Creating hierarchy and navigation
Hierarchy and navigation are two essential components of any digital product. The first component defines the structure of content, while the second involves the ways users move through it.
The information architect is the key person responsible for determining how information on a website or app is displayed and accessed. In order to create a hierarchy, the IA needs to consider both what the user expects to see (based on research) as well as how the business wants to show the information (based on project requirements). The deliverable that’s commonly associated with this activity is a sitemap, which illustrates the hierarchy of content across a website.
A sitemap helps visually denote how different pages and content relate to one another. Image credit: Behance / Anton Suprunenko
Not only should information be properly organized, it should also be properly labeled to best suit the needs of the end user. Labels play a significant role in whether users are able to find information. For example, a page that contains information about a company is going to be most easily found if it’ll be labeled “About” rather than “General Information.”
Information architects create wireframes to demonstrate the hierarchy of information. Based on information gathered during research and hierarchy creation, an architect can sketch out screens in order to demonstrate what content on a page is supposed to be there and how it’ll be arranged. Usually, wireframes created by architects are utility-only, with a limited number of graphic elements. Such wireframes will be used to guide the team on the development of the project.

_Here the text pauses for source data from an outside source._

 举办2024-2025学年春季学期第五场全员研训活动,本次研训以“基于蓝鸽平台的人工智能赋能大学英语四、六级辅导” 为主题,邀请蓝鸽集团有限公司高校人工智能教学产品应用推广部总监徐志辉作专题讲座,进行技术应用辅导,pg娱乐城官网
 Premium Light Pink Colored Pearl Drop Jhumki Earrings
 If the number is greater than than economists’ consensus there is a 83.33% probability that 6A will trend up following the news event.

Putting content into wireframes gives information architects a good sense of how the content is arranged and how well a UI achieves projects goals. Image credit: Speckyboy / speckyboy.com
Taxonomies help organize and classify information and features based on similarities and differences of the concepts behind them. This may appear as categories within a news site, sections within a corporate site, or metadata tags within a ecommerce site. IAs choose taxonomies for a website or app based on the mental model of their target audience — how people group similar types of content or pieces of information together.
Set and depth in a product taxonomy. Image credits: Boxesandarrows / boxesandarrows.com
Information architects often act as a bridge between the design and engineering teams on a project. IAs need to make sure that the visual design proposed by the design team is relevant to the data model created by the engineering team.

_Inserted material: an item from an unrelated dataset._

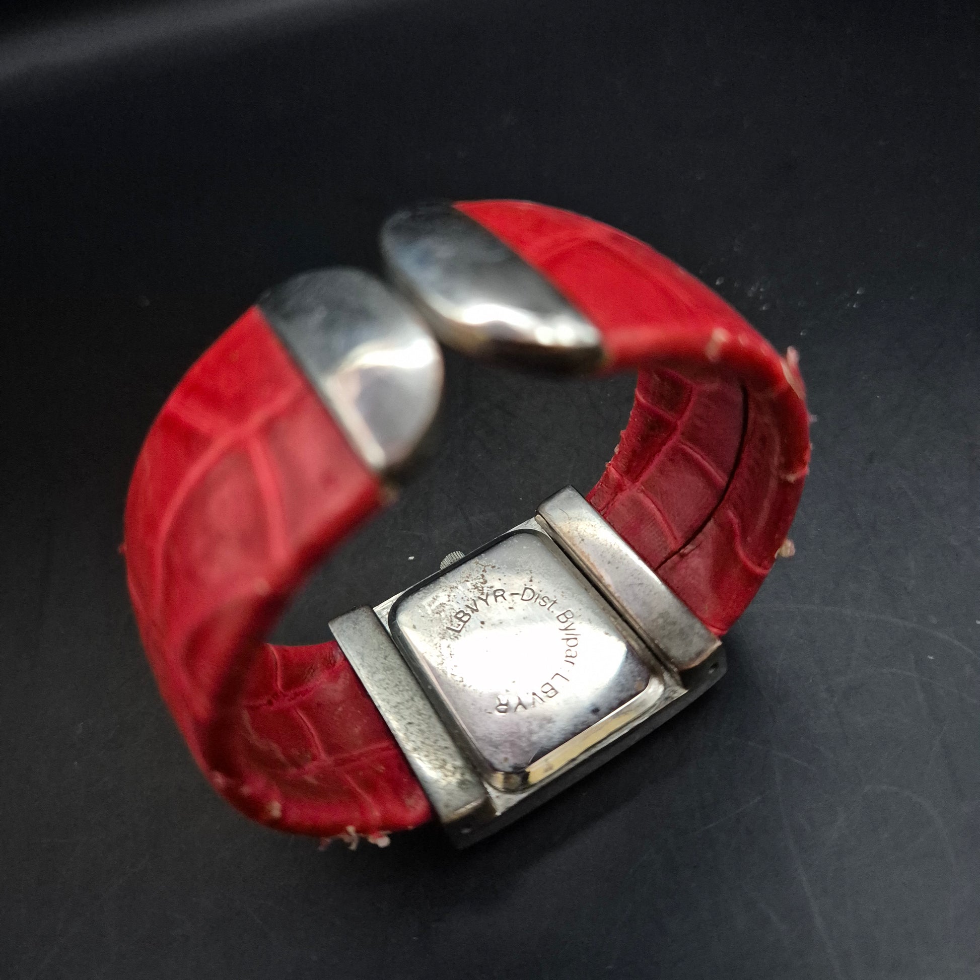 Moderne Damen Uhr mit rotem Lederarmband und rechteckigem Gehäuse

What’s the difference between IA and UX?
After reading everything written above, you may wonder: “Isn’t IA the same as UX design?” The short answer is no. While the two are closely connected, they are not the same.
To understand the difference between the two, it’s important to remember what UX design is. User Experience is the way a person feels about using a product, system, or service and this includes a person’s perceptions of practical aspects such as utility, ease of use, and efficiency of the system. It’s clear UX design means much more than structuring content. At the same time, good Information Architecture is a foundation of efficient user experience. User Experience takes Information Architecture as its foundation and brings it to the next level. That’s why every good UX Designer is also a competent information architect.
Information Architecture comprises only a small a part of a user’s overall experience. UX designers focus on factors that influence users’ behaviour and actions such as emotion and psychology, while the IA experts stay focused on the user’s goals. Image credit: Scorch / scorchagency.com
Content is the heart of every app or website, and it should be taken seriously from the very start of a project. Good Information Architecture is a foundation of efficient user experience because well-organized, well-structured content makes a product easier to use for your users.